You may be able to deposit just $49 or $99 and still get a credit line of $200. After five months, Capital One will raise your credit line if you make your first five monthly payments on time.

Contact your current bank for US credit card offers

If you already have a relationship with a financial institution in your home country, check if it offers credit cards in the US. Since you’re already a customer, you may be able to open a card without a US credit history.

American Express and Barclays are two companies that might lend a hand for your move. Each company will check your existing payment history to see if it can extend credit to you in the US.

Do I really need a credit card if I’m a new immigrant?

Consider these factors before deciding whether or not you really need to get a credit card in the US:

  • What will your spending look like?
    If you’ll be making frequent or large purchases in the United States, it makes a lot of sense to get a credit card. Otherwise, you might simply stick with simpler options such as debit cards and cash.
  • How long will you stay in the US?
    If you’re staying in the country for just a short while, it might not be worth applying for and maintaining a new credit card.
  • Are you ready to use credit responsibly?
    While you don’t have established credit in the United States yet, you won’t help your credit if you don’t make payments on time or if you rack up high levels of debt.

How to choose the best credit card for new immigrants

These factors can help you decide on your new credit card:

  • Will you be working?
    The Jasper Cash Back Mastercard® is aimed at relocating professionals.
  • Do you live in a country such as Australia, Canada, India, Mexico or the United Kingdom?
    You may be able to use your existing credit history to apply for a personal Amex card.
  • Do you feel you have potential red flags, such as low income or high existing debt?
    If you feel you might have trouble getting approved for an unsecured card, consider secured cards such as the the Capital One® Secured Mastercard®.

What do I need to apply for a credit card in the US?

Required information for your card application depends on your credit card provider. It might include:

  • Permanent address. A mailing address for the provider’s records.
  • Individual Taxpayer Identification Number (ITIN). You can apply for one with the IRS and use it in place of a Social Security number.
  • Source of income. Most likely, a provider will ask about your employment and annual income.
  • Bank account. A provider may ask for your bank account details so it can evaluate your income, spending habits and other risk factors.
  • Immigration documents. After you apply, your provider may ask you for some immigration documents, such as your visa.

Establishing credit history as an immigrant in the US

When you have a good credit score it does you much more good than boosting your chances at being approved for a credit card. It can help you secure housing, give you a lower interest rate on a loan, make you a more attractive candidate for a job and more.

By using your credit card responsibly, you’ll slowly build a credit history.

What about secured credit cards?

Getting a secured credit card is another great way to build credit. Because you can only get this type of card by putting down a security deposit, more providers are willing to offer it to consumers without credit histories.

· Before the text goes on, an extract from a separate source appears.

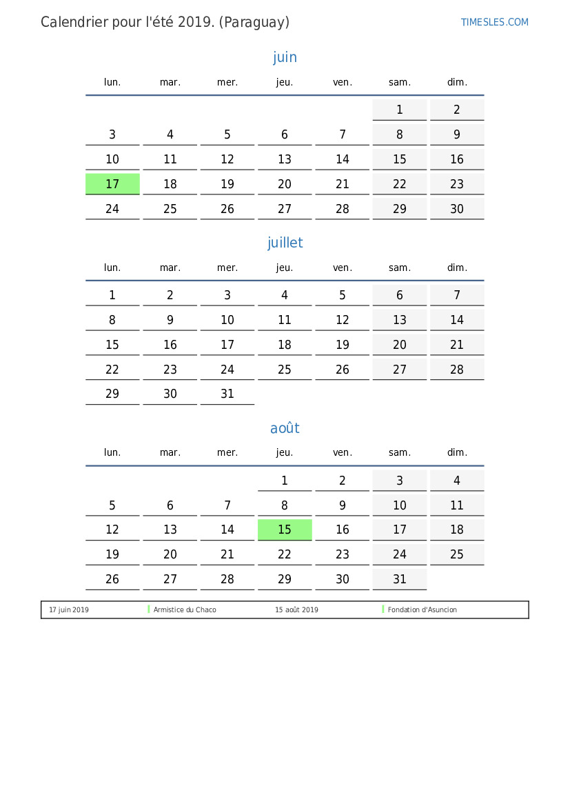 Téléchargez et imprimez le calendrier PDF avec les jours fériés et les week-ends pour l'été 2019 pour le Paraguay

Bear in mind that secured cards tend to have smaller maximum credit limits, typically tied to your security deposit. They also tend to have fewer perks and features. But if you don’t mind these limitations, a secured card is just as good as an unsecured card at building your credit score.

Bottom line

Card providers like CreditStacks and Deserve welcome applications from immigrants, and look beyond your credit score when deciding whether to lend to you. Also, consider one of the top secured credit cards, among which there are many choices.